Peki, biz bunu yozlaştırmayı nasıl başarıyoruz?
Mesela dünkü kutlamalarda Ankara’nın Bağları isimli türkü ile halk oyunları gösterisi yaparak.
Çocuklara kuru kuru şiir okutup; Ulusal Egemenlik fikri ile ilgili ezbere birkaç bilgi vermekten başka hiçbir şey yapmayarak hem yüzlerini hem de kafalarının içini boyuyoruz.
Demek istediğim şey “Çocuklar eğlenmesin” değil, altını çizeyim.
Çocuklar hem eğlensin hem de 23 Nisan tarihinin anlamını kavrayabilecek düzeyde bir eğitimle karşılaşsın.
Doğu Perinçek, Mustafa Kemal’in 23 Nisan’ı çocuklara armağan etmesinin büyük bir yanlış olduğunu söylemiş.
Kesinlikle katılmıyorum.
Ülkenin geleceğine ulusal egemenlik armağan etmeyeceksiniz de daha üst hangi değeri armağan edeceksiniz?
Buradaki sıkıntı çocuklarda değil.
Emaneti iletmesi gerekenlerde.
Sen çocuğa hiçbir şey vermezsen, çıkıp da “yeni nesil de hiçbir şeyi umursamıyor, tek dertleri eğlenmek” diyemezsin.
Önce emanetçi elindekinin kıymetini bilecek ulusal egemenliğin.
Kurtuluş Savaşı ve takip eden yıllarda yaşanan zorlukların ardından fakirlik ve cehalet kaynaklı sorunlar haricinde hep bir mirasyedi gibi elimizdeki mirası tükettik.
Her birimiz yaptık bunu.
Neticede kendiniz kazanmadığınız bir şeyi harcamanız daha kolay olur.
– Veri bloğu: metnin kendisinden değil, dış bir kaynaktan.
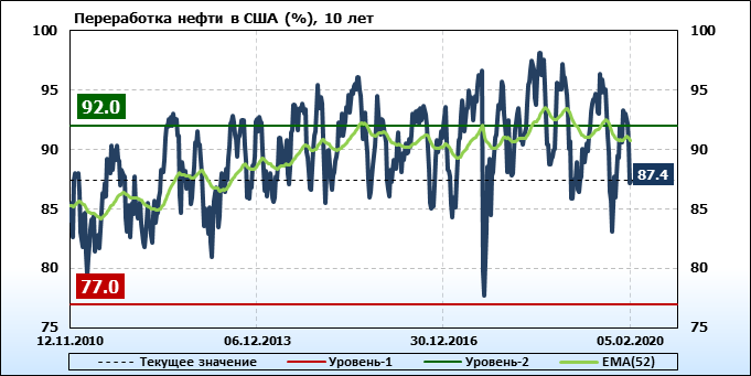 Добыча нефти упала на -0.1 до 12.9 млн. баррелей в день. Импорт нефти упал на -0.045 до 6.615 млн. баррелей в день. Экспорт нефти упал на -0.096 до 3.413 млн. баррелей в день. Таким образом, чистый импорт нефти вырос на 0.051 до 3.202 млн. баррелей в день. Переработка нефти выросла на 0.2 до 87.4 процента.
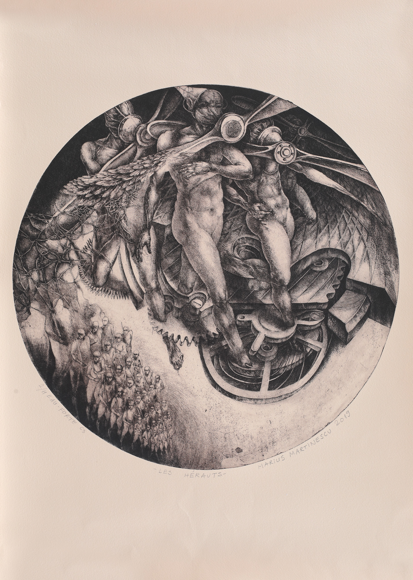 semnat, datat, intitulat, numerotat și notat central jos, în creion, "Marius Martinescu, 2019, Les Herauts, 2/11, eau-forte, C3"

Biz de nineden-dededen kalan varlığı har vurup, harman savurduk.
Haznemiz de boş olduğundan, bizden sonrakine ancak içini dolduramadığımız nutuklar ve bozuk bir ahlâk bıraktık.
Bu çocuklar da büyüyüp, kendi refahları için her türden yanlışı kendi çerçevesinde bir doğruya oturtan bireylere dönüştü.
Yine o muhteşem şarkı düşüyor aklıma tabii…
Kimseye etmem şikâyet, ağlarım ben halime.